▸ **Task directions**
Starting at the line containing "대용량 경량 여행 가방" and ending at the line containing "Size #10 Nudie", transcribe the listing below exactly. Keep both end lines, skip the pictures, and copy nothing else.

▸ **Data for the task**

BEGIN

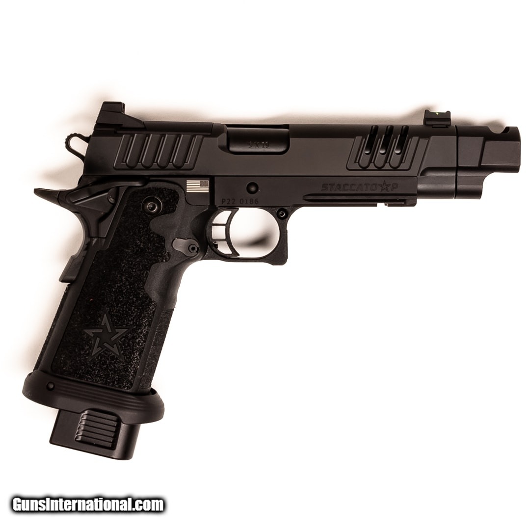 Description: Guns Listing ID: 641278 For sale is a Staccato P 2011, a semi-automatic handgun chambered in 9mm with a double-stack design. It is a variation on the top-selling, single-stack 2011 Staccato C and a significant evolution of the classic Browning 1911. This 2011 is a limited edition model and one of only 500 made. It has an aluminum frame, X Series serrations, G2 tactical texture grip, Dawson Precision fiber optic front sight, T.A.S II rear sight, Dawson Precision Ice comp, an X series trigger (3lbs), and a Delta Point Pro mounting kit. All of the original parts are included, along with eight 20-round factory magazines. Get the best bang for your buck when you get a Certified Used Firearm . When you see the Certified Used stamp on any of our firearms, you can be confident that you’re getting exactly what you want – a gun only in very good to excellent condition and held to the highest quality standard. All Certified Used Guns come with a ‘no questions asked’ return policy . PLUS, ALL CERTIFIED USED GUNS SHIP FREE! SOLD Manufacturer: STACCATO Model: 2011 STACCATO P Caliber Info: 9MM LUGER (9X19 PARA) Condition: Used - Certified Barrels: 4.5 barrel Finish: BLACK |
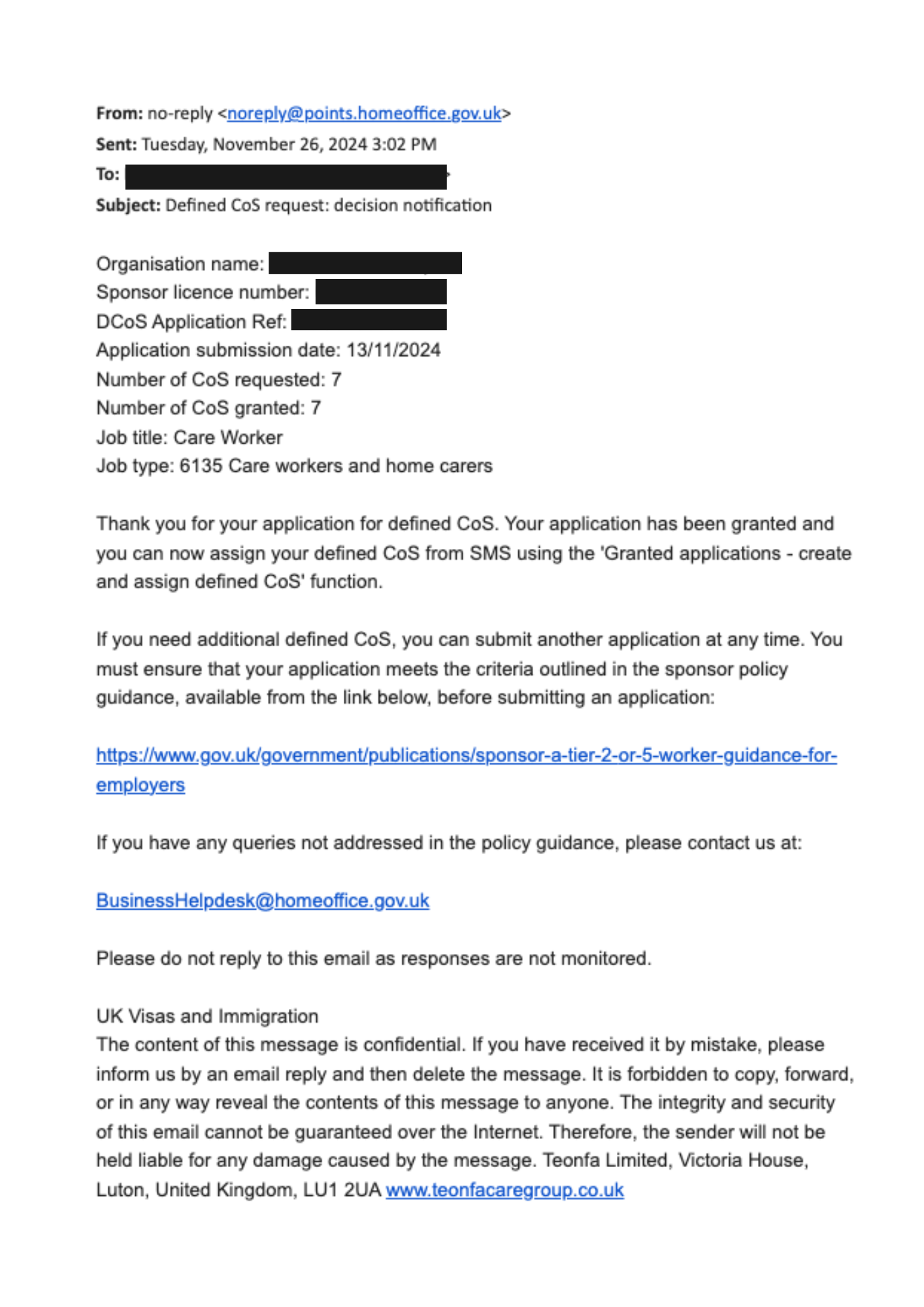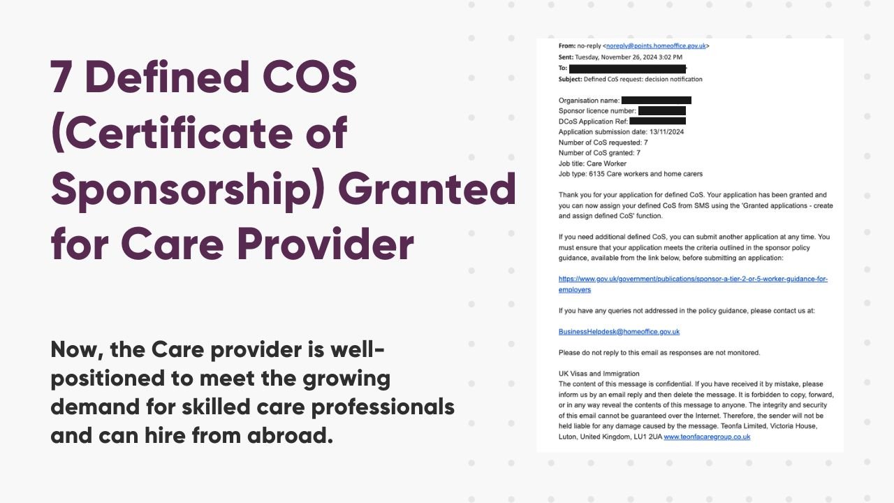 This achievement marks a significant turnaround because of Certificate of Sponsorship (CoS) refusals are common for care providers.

END
BEGIN

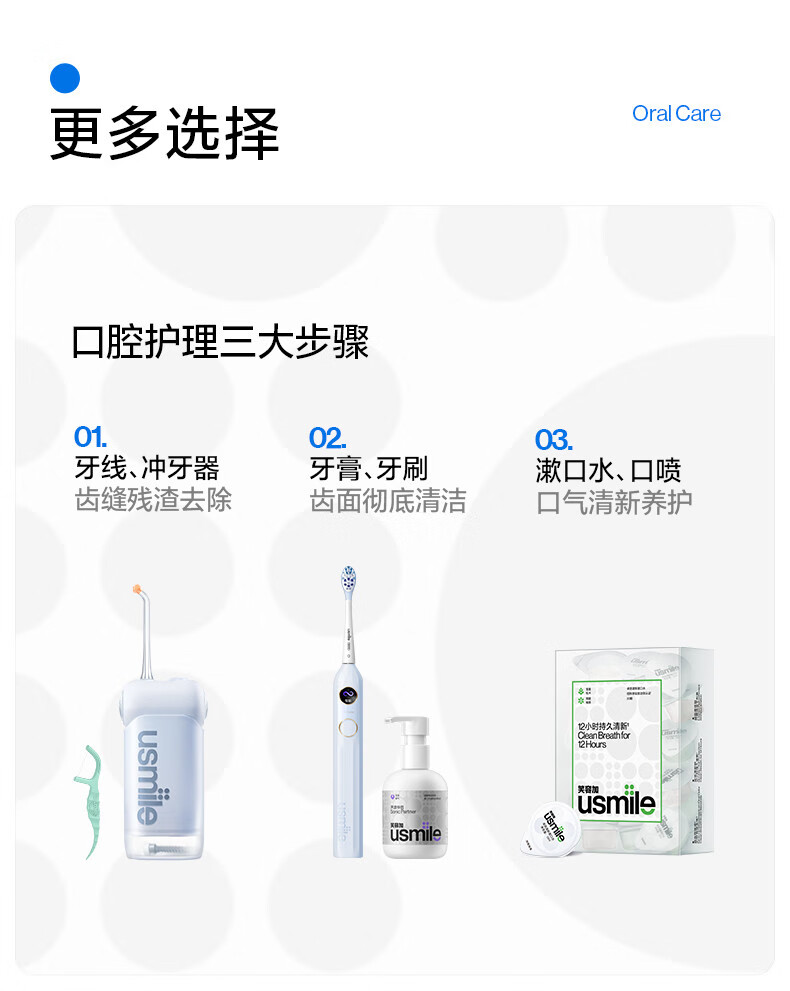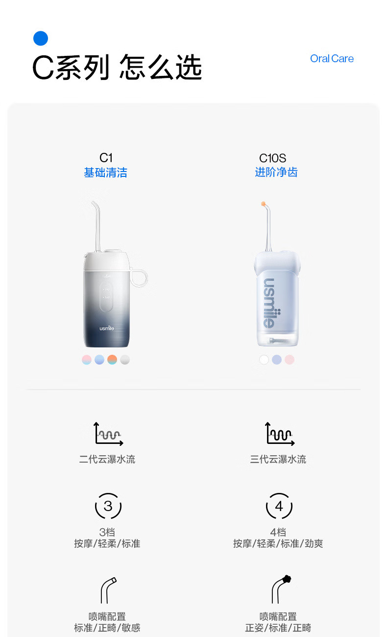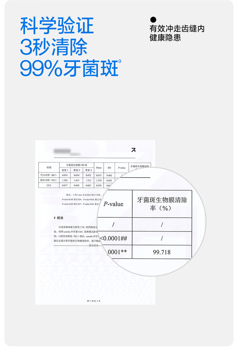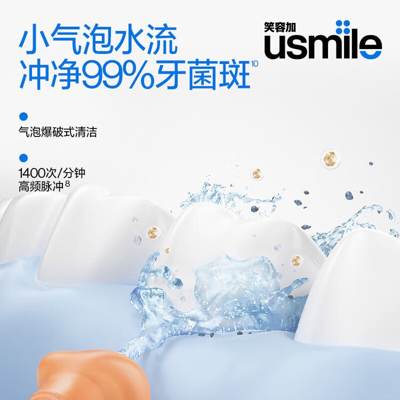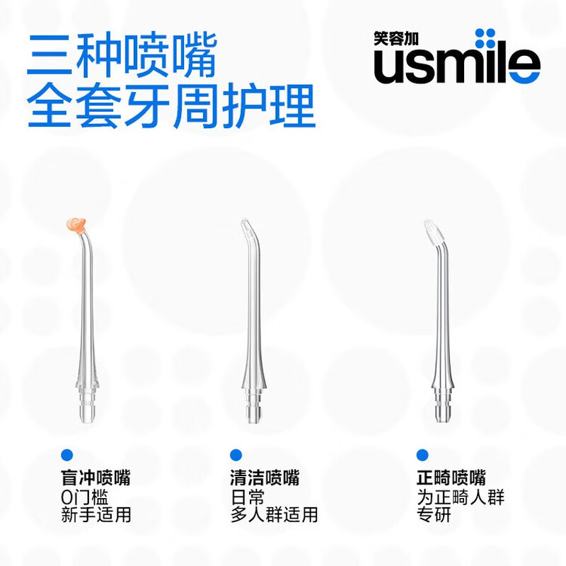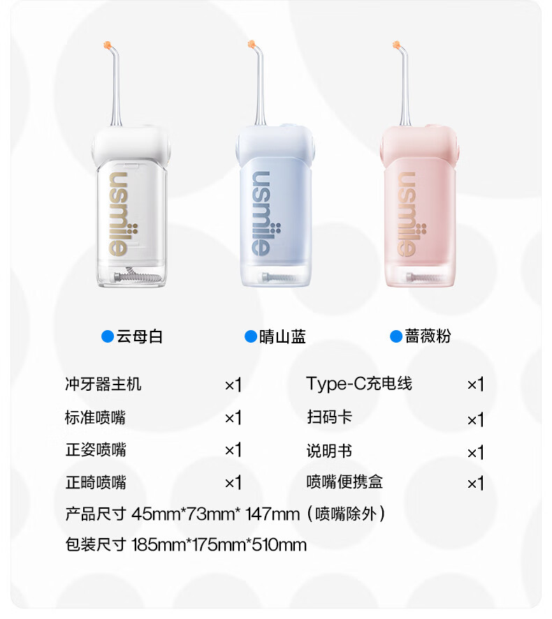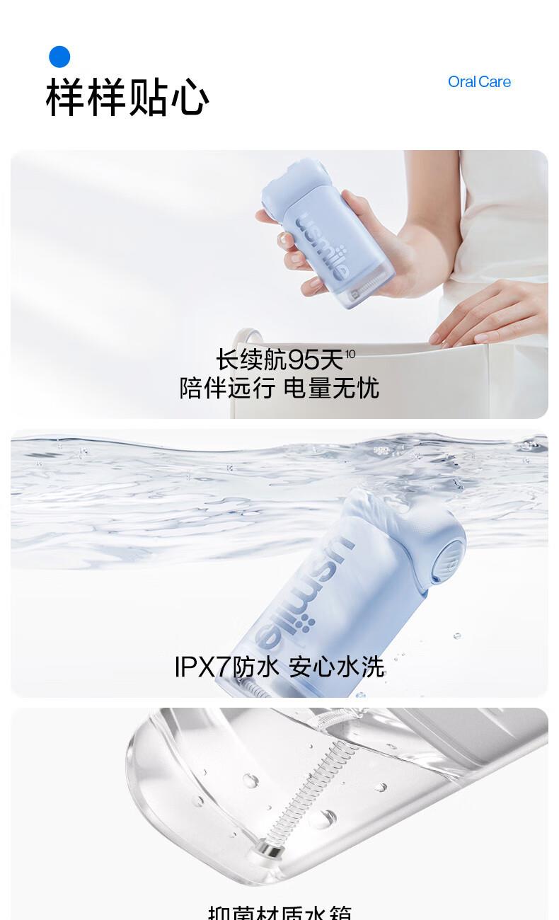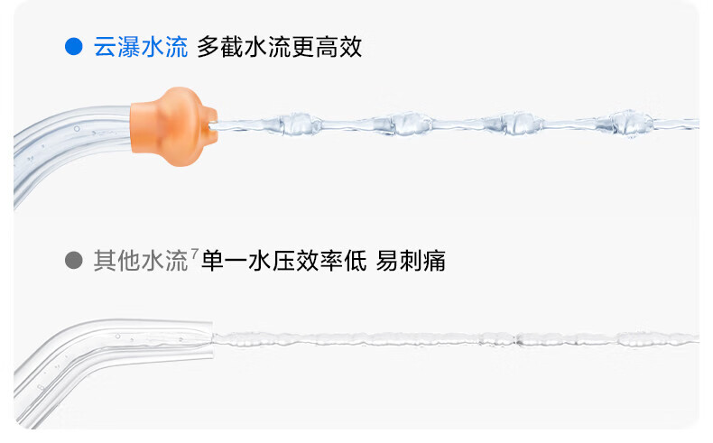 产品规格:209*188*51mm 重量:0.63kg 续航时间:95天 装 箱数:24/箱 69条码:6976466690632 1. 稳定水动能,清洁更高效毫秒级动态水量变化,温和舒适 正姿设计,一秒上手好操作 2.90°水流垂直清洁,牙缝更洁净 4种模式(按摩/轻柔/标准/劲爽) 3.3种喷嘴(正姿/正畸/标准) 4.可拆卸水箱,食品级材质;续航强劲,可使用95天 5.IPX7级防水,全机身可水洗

END
BEGIN

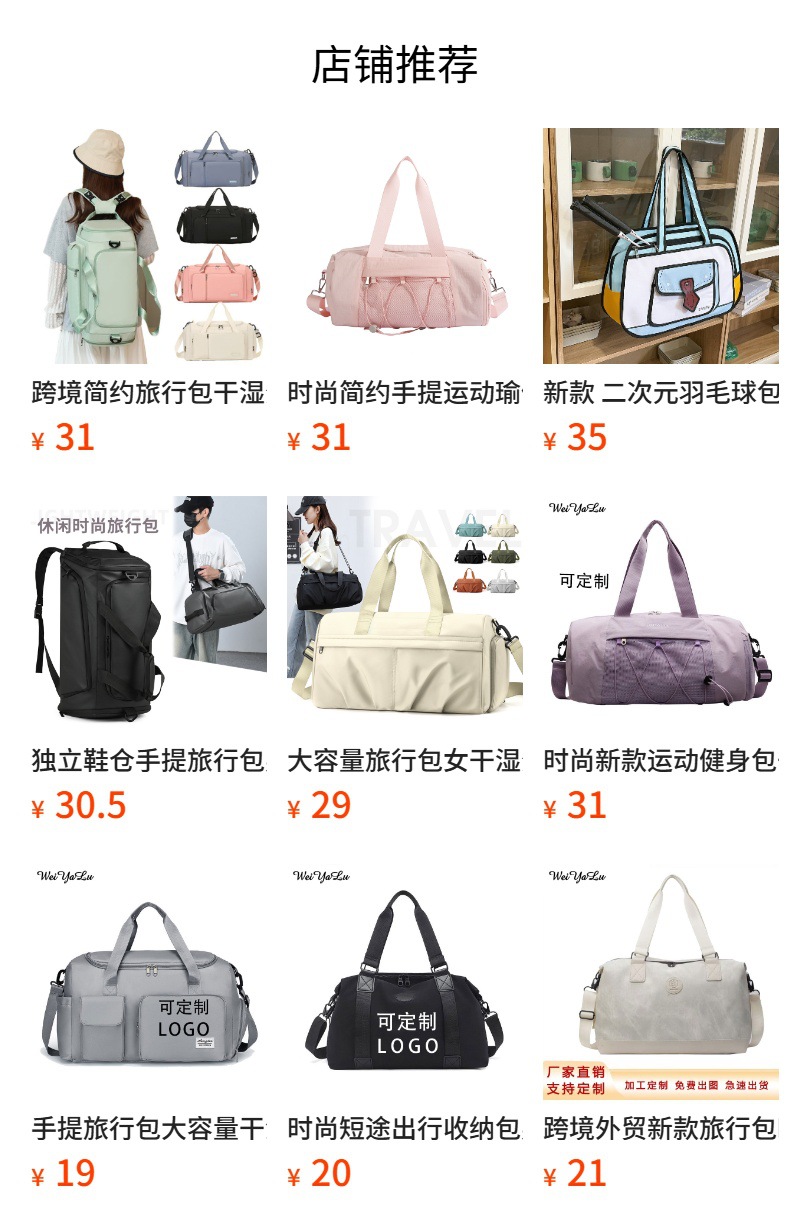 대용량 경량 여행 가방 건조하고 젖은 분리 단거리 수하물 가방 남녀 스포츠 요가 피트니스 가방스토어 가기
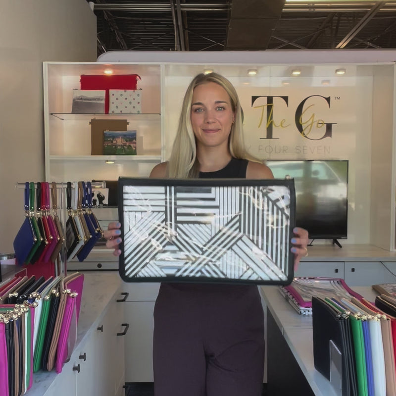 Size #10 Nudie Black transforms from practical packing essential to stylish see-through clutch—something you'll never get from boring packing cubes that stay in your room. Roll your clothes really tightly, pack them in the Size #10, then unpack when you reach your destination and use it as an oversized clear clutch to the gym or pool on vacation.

END

▸ **Answer below**
 대용량 경량 여행 가방 건조하고 젖은 분리 단거리 수하물 가방 남녀 스포츠 요가 피트니스 가방스토어 가기
 Size #10 Nudie Black transforms from practical packing essential to stylish see-through clutch—something you'll never get from boring packing cubes that stay in your room. Roll your clothes really tightly, pack them in the Size #10, then unpack when you reach your destination and use it as an oversized clear clutch to the gym or pool on vacation.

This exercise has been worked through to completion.